Things have gotten so bad that industry lobbyist PhRMA, recently referred to as “a multi-armed octopus” by one Republican congressman because of its lobbying practices on Capitol Hill, boosted its lobbying budget for 2003 by 23 percent, to $150 million, according to The New York Times. Saying the industry was “on the defensive, facing a ‘perfect storm'” of resistance, PhRMA reportedly earmarked additional millions to lobby the Food and Drug Administration, state governments, Congress and to fight Canadian drug imports. According to a PhRMA document reported by The Times, $1 million will reportedly go to developing “a standing network of economists and thought leaders to speak against federal price control regulations” in op-ed pieces, articles and testimony. (They have not yet contacted me as a thought leader, however – I must be thinking too clearly.)
As America’s big businesses, health insurance companies and politicians take their shots at the pharmaceutical industry, care must be taken not to kill the industry with its well-deserved comeuppance. We are now dependent for our future health on an industry that, while it has demonstrated little interest in our health, is the only pharmaceutical industry we have. Ours is a free enterprise model of pharmaceutical manufacturing and marketing and profit is its heart. Reducing industry profits too much in order to reduce prescription drug costs risks killing the goose that keeps laying golden miracle drugs. As the industry is forced to function more like a corporate citizen motivated by patient interests and less like a ticket scalper, it may lose some of its ability to make the next great drug. We are potentially cursed by the remedy to the curse of high drug costs.

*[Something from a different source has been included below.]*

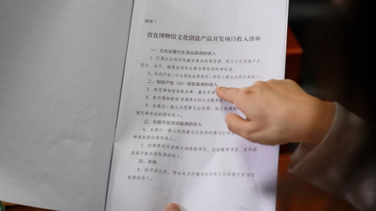 江蘇省直博物館文創(chuàng)產(chǎn)品開發(fā)項目收入清單(記者黃成 攝)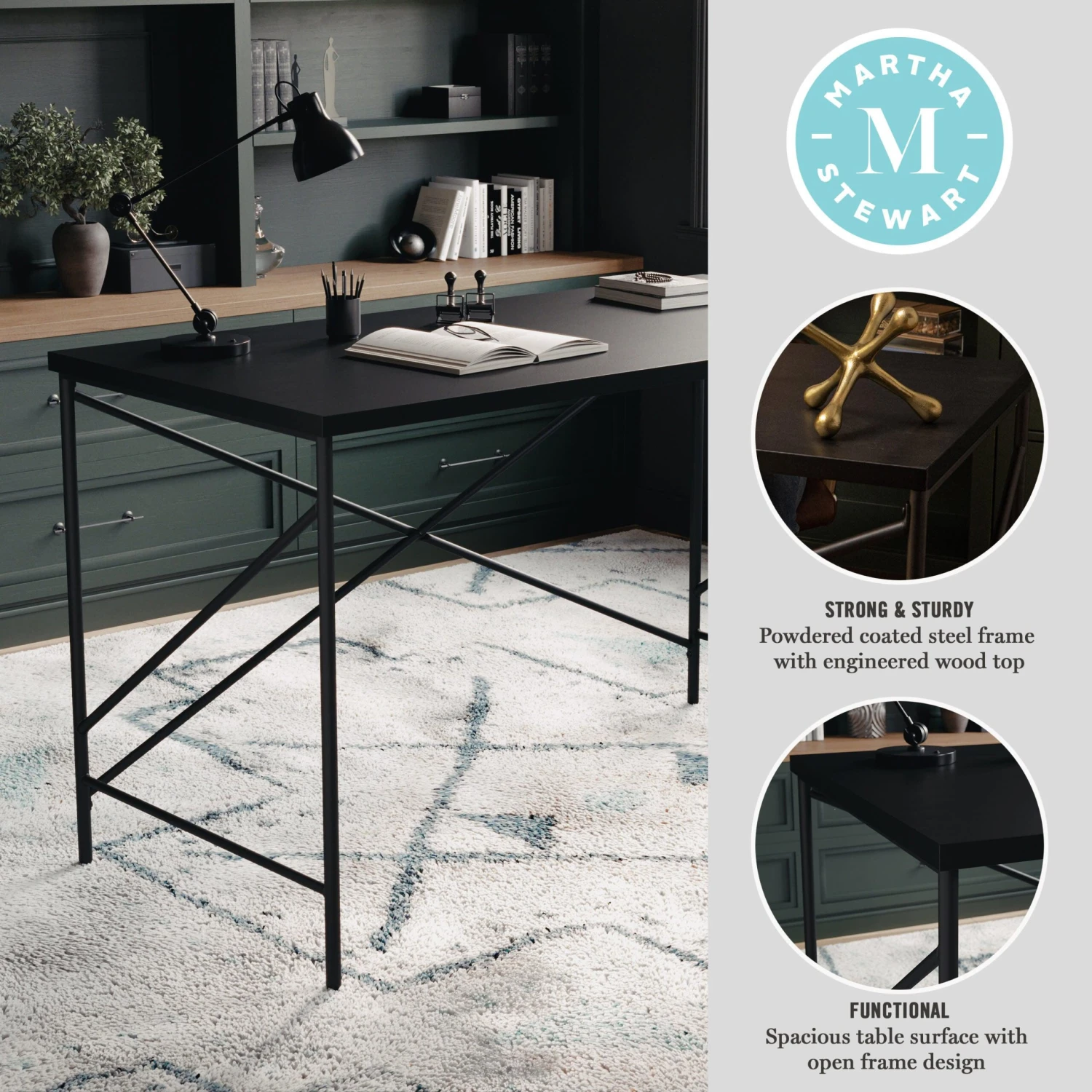 Add modern style and functionality to your at-home workspace with the Martha Stewart Maddox Home Office Desk. Clean lines and a minimalist design make this desk perfectly suited to any aesthetic. The durable engineered wood work surface features a classic wood grain finish atop a powder coated metal frame for beautiful contrast. Adjustable glides keep your desktop level while also protecting floor surfaces. Assembly is easy with the included tools and step-by-step instructions.

The real answer to this dilemma is for the pharmaceutical industry to reinvent itself in an economically viable model of social responsibility. It needs to prove that our prescription drug care can safely be left to an industry run for the principal purpose of making profit and improving stock prices. It needs a corporate conscience. Otherwise it runs the risk of being dismembered by its growing number of desperate and infuriated enemies. Our future is in its hands; if it continues to run socially and economically amok we will all keep taking our pieces out of the industry’s financial hide, its profits will dry up, and the dollar drive to invent new wonder drugs will be lost. Then who will make our prescription drugs for us? The Department of Defense, perhaps?
Erik Steele, D.O. is a physician in Bangor, an administrator at Eastern Maine Medical Center, and is on the staff of several hospital emergency rooms in the region.